*PROBLEM TO WORK ON:*
Set out exactly every line of the entries below, starting at the line that holds "Simplify your Smart Simplify" and stopping after the line that holds "Dolce Vita, шоу-группа".

*DATA EXTRACT:*
══════════
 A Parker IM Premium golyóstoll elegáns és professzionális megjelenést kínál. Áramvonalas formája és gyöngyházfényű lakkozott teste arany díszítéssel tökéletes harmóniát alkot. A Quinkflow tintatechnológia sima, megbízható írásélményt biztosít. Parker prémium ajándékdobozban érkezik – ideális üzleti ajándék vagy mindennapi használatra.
══════════
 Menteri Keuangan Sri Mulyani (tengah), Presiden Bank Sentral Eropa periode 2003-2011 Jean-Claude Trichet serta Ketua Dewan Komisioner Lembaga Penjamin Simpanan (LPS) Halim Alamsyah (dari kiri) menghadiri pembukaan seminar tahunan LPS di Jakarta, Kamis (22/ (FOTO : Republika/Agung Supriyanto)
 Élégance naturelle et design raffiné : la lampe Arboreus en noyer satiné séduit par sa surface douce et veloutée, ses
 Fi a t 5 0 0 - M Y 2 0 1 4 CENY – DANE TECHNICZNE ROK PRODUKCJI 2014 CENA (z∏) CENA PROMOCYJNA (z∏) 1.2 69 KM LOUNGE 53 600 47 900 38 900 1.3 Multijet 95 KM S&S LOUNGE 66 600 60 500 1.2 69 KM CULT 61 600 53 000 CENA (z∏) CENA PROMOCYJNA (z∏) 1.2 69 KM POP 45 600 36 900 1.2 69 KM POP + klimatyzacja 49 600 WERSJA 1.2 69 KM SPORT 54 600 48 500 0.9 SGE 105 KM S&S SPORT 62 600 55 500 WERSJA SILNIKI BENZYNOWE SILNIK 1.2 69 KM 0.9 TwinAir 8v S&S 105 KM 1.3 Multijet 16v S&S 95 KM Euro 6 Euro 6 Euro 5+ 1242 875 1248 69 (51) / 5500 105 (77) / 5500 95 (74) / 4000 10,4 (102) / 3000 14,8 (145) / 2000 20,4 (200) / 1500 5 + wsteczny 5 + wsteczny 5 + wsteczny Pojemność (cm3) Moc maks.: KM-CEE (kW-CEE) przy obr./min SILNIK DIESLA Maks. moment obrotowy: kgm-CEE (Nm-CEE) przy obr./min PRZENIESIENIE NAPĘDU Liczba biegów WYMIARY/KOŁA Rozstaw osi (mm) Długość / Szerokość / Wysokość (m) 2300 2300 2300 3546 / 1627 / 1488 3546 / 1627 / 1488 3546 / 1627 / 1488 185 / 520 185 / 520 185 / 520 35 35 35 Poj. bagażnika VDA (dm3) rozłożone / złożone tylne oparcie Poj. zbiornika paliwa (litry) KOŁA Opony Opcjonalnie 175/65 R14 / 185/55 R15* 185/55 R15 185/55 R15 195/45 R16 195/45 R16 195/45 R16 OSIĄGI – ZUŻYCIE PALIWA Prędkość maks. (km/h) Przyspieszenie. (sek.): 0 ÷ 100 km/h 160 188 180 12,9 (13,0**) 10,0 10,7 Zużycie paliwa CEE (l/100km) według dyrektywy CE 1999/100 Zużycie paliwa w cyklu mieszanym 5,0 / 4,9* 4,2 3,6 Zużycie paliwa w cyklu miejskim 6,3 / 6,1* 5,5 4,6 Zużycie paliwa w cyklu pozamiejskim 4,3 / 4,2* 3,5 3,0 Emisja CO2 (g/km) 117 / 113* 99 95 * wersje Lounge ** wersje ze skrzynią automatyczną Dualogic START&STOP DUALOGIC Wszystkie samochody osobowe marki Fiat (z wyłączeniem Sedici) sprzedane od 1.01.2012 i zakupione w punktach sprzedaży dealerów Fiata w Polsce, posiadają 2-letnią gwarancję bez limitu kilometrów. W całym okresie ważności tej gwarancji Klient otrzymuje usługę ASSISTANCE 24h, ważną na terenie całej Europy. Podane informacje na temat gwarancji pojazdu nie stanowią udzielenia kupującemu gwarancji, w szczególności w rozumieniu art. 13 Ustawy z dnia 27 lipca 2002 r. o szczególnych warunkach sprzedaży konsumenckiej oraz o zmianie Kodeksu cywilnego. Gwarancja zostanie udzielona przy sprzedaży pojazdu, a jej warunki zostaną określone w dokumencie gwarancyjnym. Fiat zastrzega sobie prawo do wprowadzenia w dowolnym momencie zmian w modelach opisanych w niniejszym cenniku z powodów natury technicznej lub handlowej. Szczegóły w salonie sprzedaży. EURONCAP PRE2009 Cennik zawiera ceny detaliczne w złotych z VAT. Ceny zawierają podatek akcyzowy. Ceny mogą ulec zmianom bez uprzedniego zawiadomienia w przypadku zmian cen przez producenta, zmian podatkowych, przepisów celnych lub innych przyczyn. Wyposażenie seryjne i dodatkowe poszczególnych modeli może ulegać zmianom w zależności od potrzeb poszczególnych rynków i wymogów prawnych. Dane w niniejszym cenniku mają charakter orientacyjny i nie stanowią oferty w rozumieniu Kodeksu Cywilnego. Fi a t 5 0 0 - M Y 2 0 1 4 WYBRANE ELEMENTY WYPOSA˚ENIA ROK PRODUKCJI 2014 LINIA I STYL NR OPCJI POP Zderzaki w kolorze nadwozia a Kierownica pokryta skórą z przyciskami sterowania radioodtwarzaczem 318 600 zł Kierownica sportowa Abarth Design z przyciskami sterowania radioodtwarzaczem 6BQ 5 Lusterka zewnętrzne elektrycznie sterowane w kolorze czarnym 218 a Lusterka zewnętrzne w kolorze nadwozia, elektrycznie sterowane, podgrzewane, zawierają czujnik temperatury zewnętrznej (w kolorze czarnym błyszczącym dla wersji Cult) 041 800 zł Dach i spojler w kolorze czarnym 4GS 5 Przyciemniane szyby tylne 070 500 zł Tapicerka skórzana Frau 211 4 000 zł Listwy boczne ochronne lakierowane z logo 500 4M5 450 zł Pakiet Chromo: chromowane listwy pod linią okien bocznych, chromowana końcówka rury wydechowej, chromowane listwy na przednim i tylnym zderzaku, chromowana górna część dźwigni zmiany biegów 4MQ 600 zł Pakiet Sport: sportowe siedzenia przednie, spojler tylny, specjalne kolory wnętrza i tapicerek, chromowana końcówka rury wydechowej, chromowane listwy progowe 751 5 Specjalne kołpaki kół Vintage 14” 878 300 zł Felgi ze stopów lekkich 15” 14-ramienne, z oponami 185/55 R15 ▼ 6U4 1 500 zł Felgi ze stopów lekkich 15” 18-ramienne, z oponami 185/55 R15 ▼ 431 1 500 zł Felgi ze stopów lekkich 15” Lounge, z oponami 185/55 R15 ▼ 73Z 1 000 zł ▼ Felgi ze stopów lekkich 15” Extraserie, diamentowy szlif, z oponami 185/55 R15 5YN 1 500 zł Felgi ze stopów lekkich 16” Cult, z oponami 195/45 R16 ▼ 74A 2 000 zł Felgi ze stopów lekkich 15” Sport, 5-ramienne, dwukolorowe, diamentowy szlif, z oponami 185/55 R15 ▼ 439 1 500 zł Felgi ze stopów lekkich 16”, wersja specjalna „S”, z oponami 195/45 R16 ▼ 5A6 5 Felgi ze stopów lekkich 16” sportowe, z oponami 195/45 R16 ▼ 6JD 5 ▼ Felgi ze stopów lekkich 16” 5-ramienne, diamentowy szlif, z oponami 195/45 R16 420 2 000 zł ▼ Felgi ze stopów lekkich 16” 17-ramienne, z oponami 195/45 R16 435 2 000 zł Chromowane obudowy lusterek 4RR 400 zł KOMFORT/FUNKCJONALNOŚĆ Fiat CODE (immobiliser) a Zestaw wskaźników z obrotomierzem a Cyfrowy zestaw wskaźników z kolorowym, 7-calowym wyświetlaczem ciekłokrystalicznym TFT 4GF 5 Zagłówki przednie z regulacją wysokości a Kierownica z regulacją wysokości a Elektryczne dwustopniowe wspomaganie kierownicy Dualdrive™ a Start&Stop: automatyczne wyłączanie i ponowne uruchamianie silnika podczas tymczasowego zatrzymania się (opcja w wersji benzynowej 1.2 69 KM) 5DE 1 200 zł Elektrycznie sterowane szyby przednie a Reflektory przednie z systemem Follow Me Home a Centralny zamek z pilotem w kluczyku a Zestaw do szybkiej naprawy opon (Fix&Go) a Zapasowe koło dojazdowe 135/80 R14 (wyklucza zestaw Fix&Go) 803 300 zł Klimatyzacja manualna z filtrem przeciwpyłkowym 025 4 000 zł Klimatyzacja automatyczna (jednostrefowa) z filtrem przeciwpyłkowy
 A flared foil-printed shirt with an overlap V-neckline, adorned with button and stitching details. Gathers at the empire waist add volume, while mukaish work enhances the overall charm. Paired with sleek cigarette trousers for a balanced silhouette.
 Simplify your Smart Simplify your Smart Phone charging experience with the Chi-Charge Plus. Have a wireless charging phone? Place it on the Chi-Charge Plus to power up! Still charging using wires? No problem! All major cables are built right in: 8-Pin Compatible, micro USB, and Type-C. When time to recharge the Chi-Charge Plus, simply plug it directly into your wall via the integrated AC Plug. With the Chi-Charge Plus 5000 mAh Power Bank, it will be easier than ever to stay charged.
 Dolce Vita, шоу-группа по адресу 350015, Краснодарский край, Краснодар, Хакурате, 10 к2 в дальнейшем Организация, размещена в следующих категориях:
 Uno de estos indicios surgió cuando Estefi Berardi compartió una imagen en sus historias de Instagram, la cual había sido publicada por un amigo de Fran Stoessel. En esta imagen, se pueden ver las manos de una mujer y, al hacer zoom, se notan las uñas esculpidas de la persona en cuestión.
══════════
*ANSWER:*
 Simplify your Smart Simplify your Smart Phone charging experience with the Chi-Charge Plus. Have a wireless charging phone? Place it on the Chi-Charge Plus to power up! Still charging using wires? No problem! All major cables are built right in: 8-Pin Compatible, micro USB, and Type-C. When time to recharge the Chi-Charge Plus, simply plug it directly into your wall via the integrated AC Plug. With the Chi-Charge Plus 5000 mAh Power Bank, it will be easier than ever to stay charged.
 Dolce Vita, шоу-группа по адресу 350015, Краснодарский край, Краснодар, Хакурате, 10 к2 в дальнейшем Организация, размещена в следующих категориях:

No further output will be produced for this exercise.